The photographic element in the above-described process can be treated with an alkaline processing composition to effect or initiate development in any manner. A preferred method for applying processing composition is by use of a rupturable container or pod which contains the composition.
In a preferred embodiment of our invention the photographic assemblage comprises:
(a) a photosensitive element comprising a support having thereon at least one silver halide emulsion layer having associated therewith a dye image-providing material;
(b) a transparent cover sheet located over the layer outermost from the support of the photosensitive element;
(c) a dye image-receiving layer located either in the photosensitive element or on the transparent cover sheet; and
(d) an alkaline processing composition and means containing same for discharge between the photosensitive element and the transparent cover sheet;
and wherein the assemblage contains a stripping agent as described above.

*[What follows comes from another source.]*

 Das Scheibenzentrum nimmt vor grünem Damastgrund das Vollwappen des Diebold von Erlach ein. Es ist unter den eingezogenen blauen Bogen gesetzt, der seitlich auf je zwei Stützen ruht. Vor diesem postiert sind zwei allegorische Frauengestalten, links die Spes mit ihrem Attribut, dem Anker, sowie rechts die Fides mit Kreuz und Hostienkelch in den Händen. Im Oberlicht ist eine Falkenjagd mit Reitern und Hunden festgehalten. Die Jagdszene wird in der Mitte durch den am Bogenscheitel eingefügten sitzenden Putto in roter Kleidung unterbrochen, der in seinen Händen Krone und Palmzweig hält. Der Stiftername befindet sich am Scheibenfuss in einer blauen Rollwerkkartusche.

In a preferred embodiment of the invention, the means containing the alkaline processing composition is a rupturable container or pod which is adapted to be positioned during processing of the film unit so that a compressive force applied to the container by pressure-applying members, such as would be found in a camera designed for in-camera processing, will effect a discharge of the container's contents within the film unit. In general, the processing composition employed in this invention contains the developing agent for development, although the composition could also just be an alkaline solution where the developer is incorporated in the photographic element or cover sheet, in which case the alkaline solution serves to activate the incorporated developer.

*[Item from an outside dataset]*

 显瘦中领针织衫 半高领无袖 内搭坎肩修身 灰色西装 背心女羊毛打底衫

The dye image-providing material useful in this invention is either positive- or negative-working, and is either initially mobile or immobile in the photographic element during processing with an alkaline composition. Examples of initially mobile, positive-working dye image-providing materials useful in this invention are described in U.S. Pat. Nos. 2,983,606; 3,536,739; 3,705,184; 3,482,972; 2,756,142; 3,880,658 and 3,854,985. Examples of negative-working dye image-providing materials useful in this invention include conventional couplers which react with oxidized aromatic primary amino color developing agents to produce or release a dye such as those described, for example, in U.S. Pat. No. 3,227,550 and Canadian Patent No. 602,607. In a preferred embodiment of this invention, the dye image-providing material is a ballasted, redox dye-releasing (RDR) compound. Such compounds are well known to those skilled in the art and are, generally speaking, compounds which will react with oxidized or unoxidized developing agent or electron transfer agent to release a dye. Such nondiffusible RDR's include negative-working compounds, as described in U.S. Pat. Nos. 3,728,113 of Becker et al; 3,725,062 of Anderson and Lum; 3,698,897 of Gompf and Lum; 3,628,952 of Puschel et al; 3,443,939 and 3,443,940 of Bloom et al; 4,053,312 of Fleckenstein; 4,076,529 of Fleckenstein et al; 4,055,428 of Koyama et al; 4,149,892 of Deguchi et al; 4,198,235 and 4,179,291 of Vetter et al; Research Disclosure 15157, November, 1976 and Research Disclosure 15654, April, 1977. Such nondiffusible RDR's also include positive-working compounds, as described in U.S. Pat. Nos. 3,980,479; 4,139,379; 4,139,389; 4,199,354, 4,232,107, 4,199,355 and German Patent No. 2,854,946, the disclosures of which are hereby incorporated by reference.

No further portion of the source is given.